Saved entries
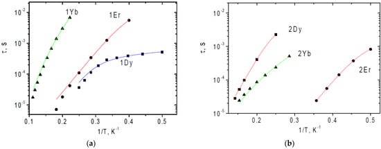 - Petrosyants, S.P.; Babeshkin, K.A.; Gavrikov, A.V.; Ilyukhin, A.B.; Belova, E.V.; Efimov, N.N. Towards comparative investigation of Er- and Yb-based SMMs: The effect of the coordination environment configuration on the magnetic relaxation in the series of heteroleptic thiocyanate complexes. Dalton Trans. 2019, 48, 12644–12655, and references therein. [Google Scholar] [CrossRef]
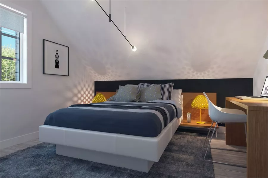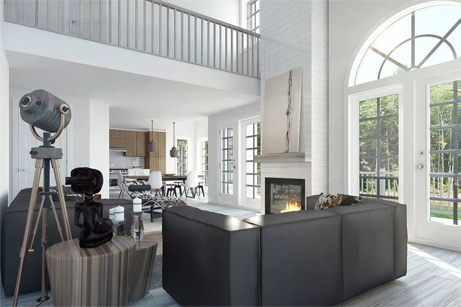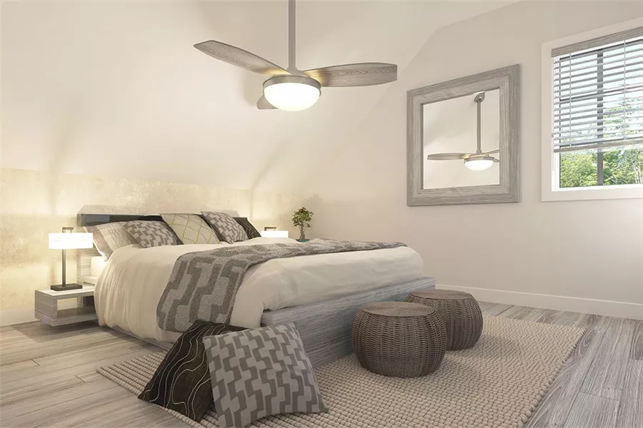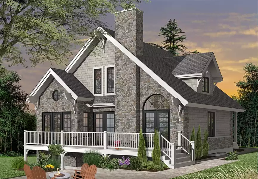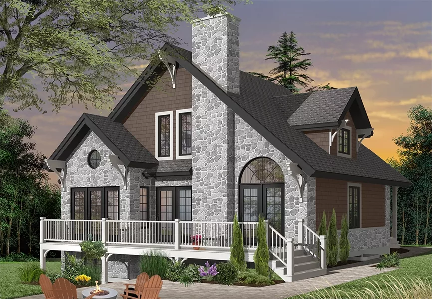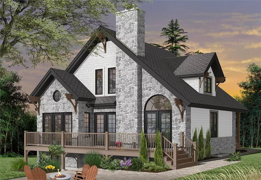 With the look and feel of a home picked straight from the countryside, this traditional style plan is brimming with charm. A wonderfully chic façade features a large porch and beautiful windows, highlighted by flawless stonework and complimentary wooden shake siding. Amidst the 2 stories of this 1,625 square foot home, you will find 3 bedrooms and 2 bathrooms, as well as several multi-functional and spacious areas, allowing this home to adapt to virtually any lifestyle. After entering past the covered porch and air-lock foyer, you find yourself in the vaulted, 2-story mezzanine and family room. From there, the home’s open layout flows in to the large kitchen and incorporated dining area, while the first-floor master suite can be found tucked away at the front of the home, allowing for a sense of secluded privacy. The second story finds two more bedrooms and a shared bathroom, a great space for kids or guests, while a balcony walkway looks down on the living room below, giving the space a grand and welcoming feeling.
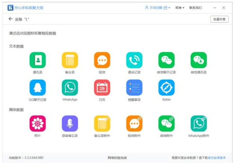 1、下載并安裝開心手機恢復大師,運行軟件。利用【通過設備掃描恢復】模式,點擊【下一步】。進入軟件的功能界面,點擊圖標恢復相對應的數據,點擊【通訊錄】。
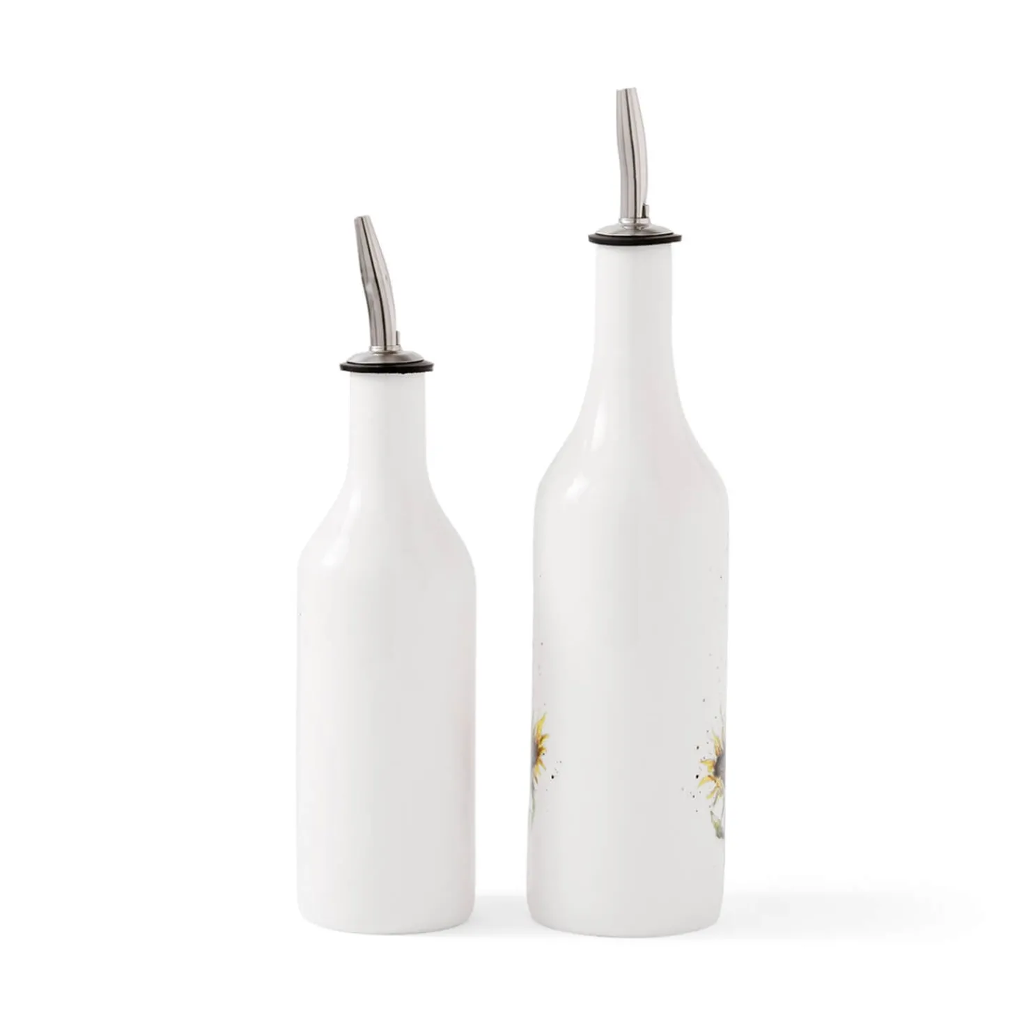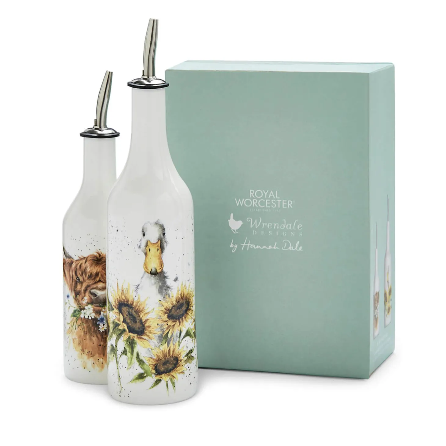 Wrendale Designs presents the Oil & Vinegar Set, produced by Royal Worcester with beautiful illustrations by renowned artist Hannah Dale. These delightful pourers feature a highland cow with daisies on one and a duck with sunflowers on the other. Just perfect for decanting olive oil and balsamic vinegar for use in your kitchen or as serveware on your dining table.
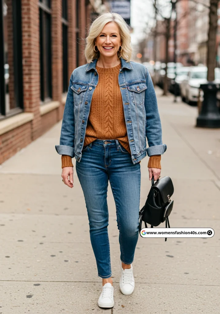 I tried this in Austin for a weekend stroll—it felt playful yet age-appropriate. Pinterest reports denim skirts trending +30% in spring, proving this outfit is both youthful and chic.

* WHAT IS REQUIRED *
Transcribe the entries above verbatim, omitting their pictures.

* TASK SOLUTION *
 - Petrosyants, S.P.; Babeshkin, K.A.; Gavrikov, A.V.; Ilyukhin, A.B.; Belova, E.V.; Efimov, N.N. Towards comparative investigation of Er- and Yb-based SMMs: The effect of the coordination environment configuration on the magnetic relaxation in the series of heteroleptic thiocyanate complexes. Dalton Trans. 2019, 48, 12644–12655, and references therein. [Google Scholar] [CrossRef]
 With the look and feel of a home picked straight from the countryside, this traditional style plan is brimming with charm. A wonderfully chic façade features a large porch and beautiful windows, highlighted by flawless stonework and complimentary wooden shake siding. Amidst the 2 stories of this 1,625 square foot home, you will find 3 bedrooms and 2 bathrooms, as well as several multi-functional and spacious areas, allowing this home to adapt to virtually any lifestyle. After entering past the covered porch and air-lock foyer, you find yourself in the vaulted, 2-story mezzanine and family room. From there, the home’s open layout flows in to the large kitchen and incorporated dining area, while the first-floor master suite can be found tucked away at the front of the home, allowing for a sense of secluded privacy. The second story finds two more bedrooms and a shared bathroom, a great space for kids or guests, while a balcony walkway looks down on the living room below, giving the space a grand and welcoming feeling.
 1、下載并安裝開心手機恢復大師,運行軟件。利用【通過設備掃描恢復】模式,點擊【下一步】。進入軟件的功能界面,點擊圖標恢復相對應的數據,點擊【通訊錄】。
 Wrendale Designs presents the Oil & Vinegar Set, produced by Royal Worcester with beautiful illustrations by renowned artist Hannah Dale. These delightful pourers feature a highland cow with daisies on one and a duck with sunflowers on the other. Just perfect for decanting olive oil and balsamic vinegar for use in your kitchen or as serveware on your dining table.
 I tried this in Austin for a weekend stroll—it felt playful yet age-appropriate. Pinterest reports denim skirts trending +30% in spring, proving this outfit is both youthful and chic.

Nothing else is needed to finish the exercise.